Assignment: Your copy should begin with the line containing "夏実さんが話していた実体験を", end with the line containing "建筑工程学院辅导员熊伟老师以", match the listing below exactly, and contain no pictures.

Provided records:
+ + + + + + +

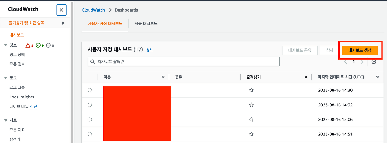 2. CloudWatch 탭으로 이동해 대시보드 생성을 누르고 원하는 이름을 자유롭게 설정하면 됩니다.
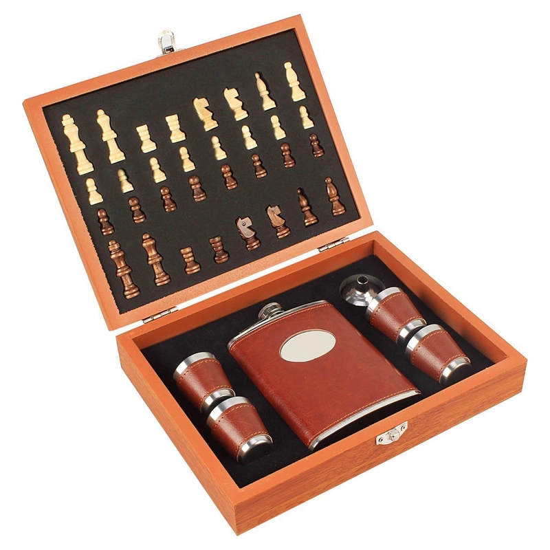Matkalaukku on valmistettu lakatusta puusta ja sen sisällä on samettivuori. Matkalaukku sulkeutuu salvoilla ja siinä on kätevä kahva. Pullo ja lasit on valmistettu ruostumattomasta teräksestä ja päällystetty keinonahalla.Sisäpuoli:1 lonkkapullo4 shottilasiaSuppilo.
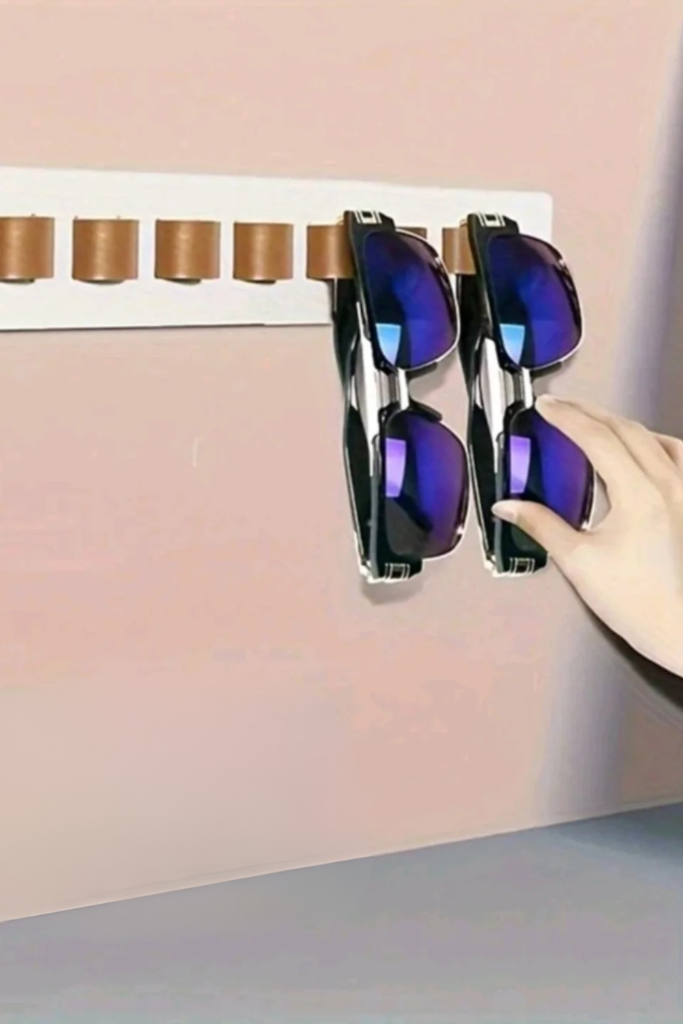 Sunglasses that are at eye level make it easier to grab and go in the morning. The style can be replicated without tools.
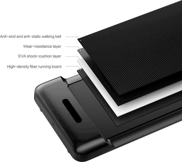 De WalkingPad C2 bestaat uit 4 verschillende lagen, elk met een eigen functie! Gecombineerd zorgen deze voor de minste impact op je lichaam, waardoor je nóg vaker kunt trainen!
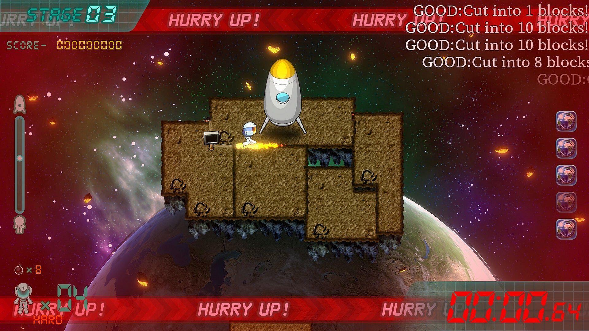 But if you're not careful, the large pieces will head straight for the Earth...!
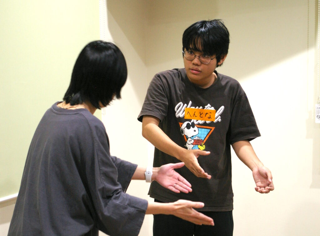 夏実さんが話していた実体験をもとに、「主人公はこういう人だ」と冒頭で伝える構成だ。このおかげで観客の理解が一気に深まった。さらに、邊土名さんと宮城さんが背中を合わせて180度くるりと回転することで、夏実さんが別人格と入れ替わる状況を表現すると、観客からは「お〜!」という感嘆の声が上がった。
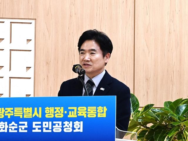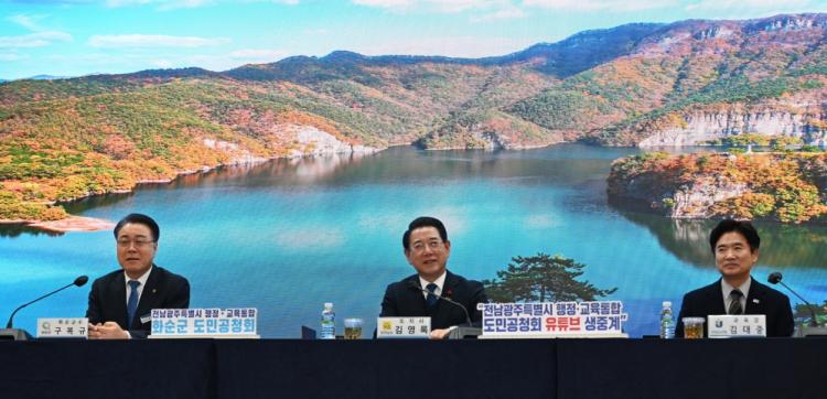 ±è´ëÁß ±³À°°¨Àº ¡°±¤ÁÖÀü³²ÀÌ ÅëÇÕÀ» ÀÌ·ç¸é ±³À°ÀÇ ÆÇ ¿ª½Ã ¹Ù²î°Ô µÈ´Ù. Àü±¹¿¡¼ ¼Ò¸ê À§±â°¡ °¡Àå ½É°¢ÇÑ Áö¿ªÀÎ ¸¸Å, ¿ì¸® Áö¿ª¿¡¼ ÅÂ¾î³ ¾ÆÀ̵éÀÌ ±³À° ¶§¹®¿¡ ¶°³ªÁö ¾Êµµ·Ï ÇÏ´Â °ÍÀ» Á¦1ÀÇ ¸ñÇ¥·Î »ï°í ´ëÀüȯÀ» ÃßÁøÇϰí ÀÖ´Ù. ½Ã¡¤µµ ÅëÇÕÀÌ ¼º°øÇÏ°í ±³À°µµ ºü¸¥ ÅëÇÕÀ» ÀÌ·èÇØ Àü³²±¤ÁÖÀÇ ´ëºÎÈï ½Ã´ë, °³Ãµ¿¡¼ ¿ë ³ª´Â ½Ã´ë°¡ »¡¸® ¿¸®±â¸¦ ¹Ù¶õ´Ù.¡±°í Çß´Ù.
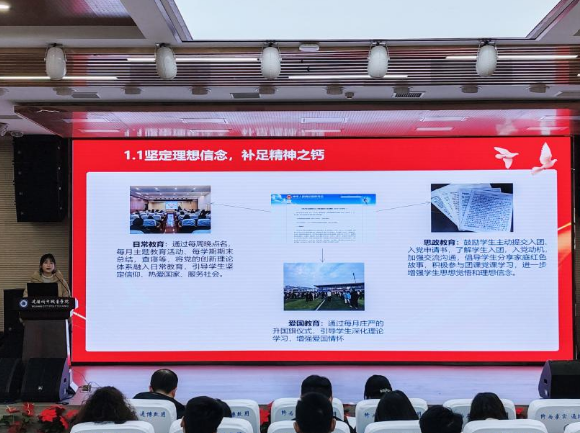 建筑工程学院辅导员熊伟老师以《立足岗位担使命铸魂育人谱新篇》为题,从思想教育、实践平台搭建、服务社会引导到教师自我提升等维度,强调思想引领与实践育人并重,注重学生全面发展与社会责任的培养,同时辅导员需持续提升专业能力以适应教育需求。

+ + + + + + +

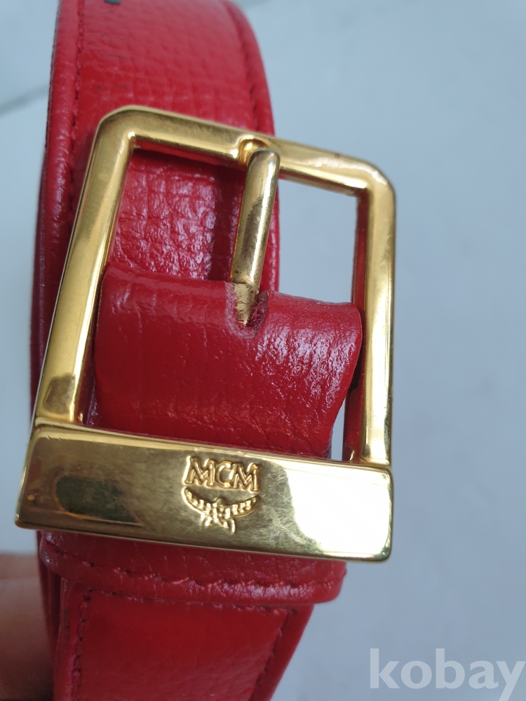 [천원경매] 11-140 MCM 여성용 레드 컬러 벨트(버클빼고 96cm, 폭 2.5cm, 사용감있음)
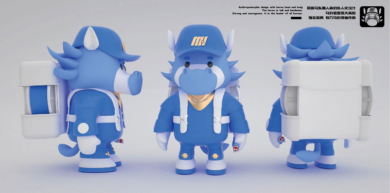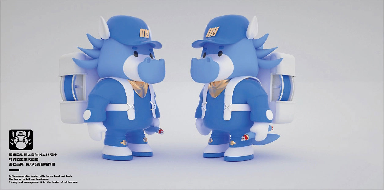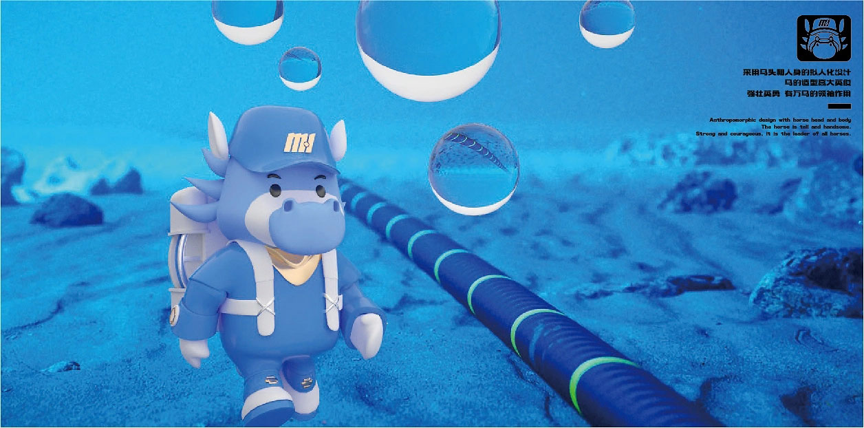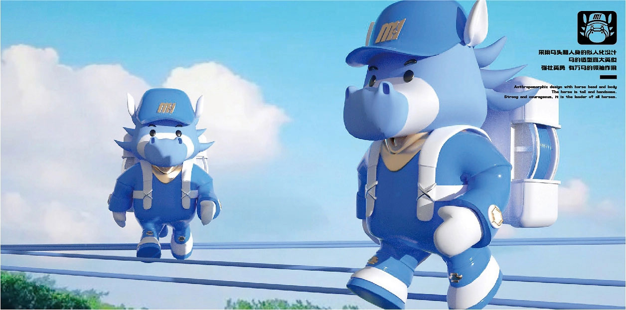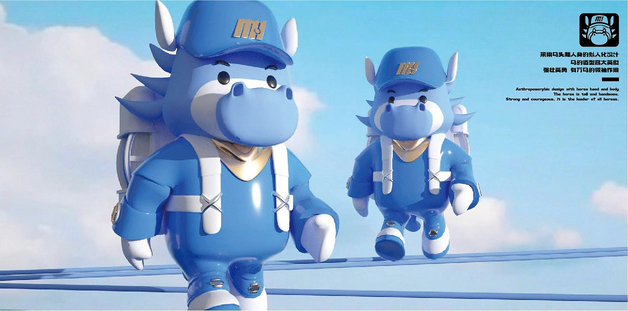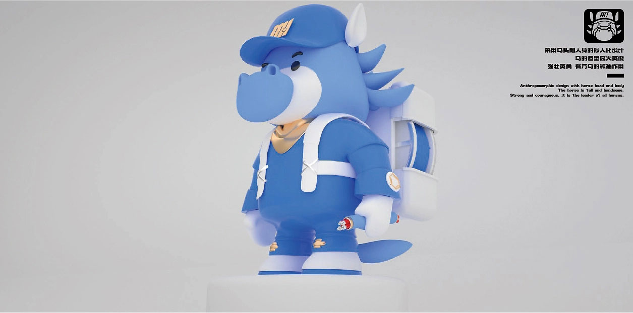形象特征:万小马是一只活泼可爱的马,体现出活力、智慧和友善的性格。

+ + + + + + +

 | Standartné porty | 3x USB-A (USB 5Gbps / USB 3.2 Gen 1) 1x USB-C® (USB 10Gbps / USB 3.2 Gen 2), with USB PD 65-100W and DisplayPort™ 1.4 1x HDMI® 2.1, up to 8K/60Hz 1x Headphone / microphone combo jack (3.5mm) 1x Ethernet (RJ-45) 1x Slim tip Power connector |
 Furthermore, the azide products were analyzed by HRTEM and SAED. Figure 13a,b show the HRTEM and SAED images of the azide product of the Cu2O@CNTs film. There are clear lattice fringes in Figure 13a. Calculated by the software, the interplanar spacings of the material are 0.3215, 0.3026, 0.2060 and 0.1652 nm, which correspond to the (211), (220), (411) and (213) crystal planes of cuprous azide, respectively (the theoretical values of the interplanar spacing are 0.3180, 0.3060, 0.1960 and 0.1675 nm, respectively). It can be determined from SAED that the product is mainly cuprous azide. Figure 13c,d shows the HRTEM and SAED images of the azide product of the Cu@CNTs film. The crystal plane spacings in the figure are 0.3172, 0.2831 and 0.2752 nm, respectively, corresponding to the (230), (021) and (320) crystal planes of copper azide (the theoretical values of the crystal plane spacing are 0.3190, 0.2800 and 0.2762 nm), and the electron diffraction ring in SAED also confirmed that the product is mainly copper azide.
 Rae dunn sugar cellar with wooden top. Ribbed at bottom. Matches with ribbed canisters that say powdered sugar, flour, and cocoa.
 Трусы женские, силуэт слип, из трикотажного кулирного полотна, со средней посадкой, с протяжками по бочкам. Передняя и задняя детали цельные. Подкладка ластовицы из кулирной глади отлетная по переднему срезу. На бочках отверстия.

+ + + + + + +

Solution to the problem:
 夏実さんが話していた実体験をもとに、「主人公はこういう人だ」と冒頭で伝える構成だ。このおかげで観客の理解が一気に深まった。さらに、邊土名さんと宮城さんが背中を合わせて180度くるりと回転することで、夏実さんが別人格と入れ替わる状況を表現すると、観客からは「お〜!」という感嘆の声が上がった。
 ±è´ëÁß ±³À°°¨Àº ¡°±¤ÁÖÀü³²ÀÌ ÅëÇÕÀ» ÀÌ·ç¸é ±³À°ÀÇ ÆÇ ¿ª½Ã ¹Ù²î°Ô µÈ´Ù. Àü±¹¿¡¼ ¼Ò¸ê À§±â°¡ °¡Àå ½É°¢ÇÑ Áö¿ªÀÎ ¸¸Å, ¿ì¸® Áö¿ª¿¡¼ ÅÂ¾î³ ¾ÆÀ̵éÀÌ ±³À° ¶§¹®¿¡ ¶°³ªÁö ¾Êµµ·Ï ÇÏ´Â °ÍÀ» Á¦1ÀÇ ¸ñÇ¥·Î »ï°í ´ëÀüȯÀ» ÃßÁøÇϰí ÀÖ´Ù. ½Ã¡¤µµ ÅëÇÕÀÌ ¼º°øÇÏ°í ±³À°µµ ºü¸¥ ÅëÇÕÀ» ÀÌ·èÇØ Àü³²±¤ÁÖÀÇ ´ëºÎÈï ½Ã´ë, °³Ãµ¿¡¼ ¿ë ³ª´Â ½Ã´ë°¡ »¡¸® ¿¸®±â¸¦ ¹Ù¶õ´Ù.¡±°í Çß´Ù.
 建筑工程学院辅导员熊伟老师以《立足岗位担使命铸魂育人谱新篇》为题,从思想教育、实践平台搭建、服务社会引导到教师自我提升等维度,强调思想引领与实践育人并重,注重学生全面发展与社会责任的培养,同时辅导员需持续提升专业能力以适应教育需求。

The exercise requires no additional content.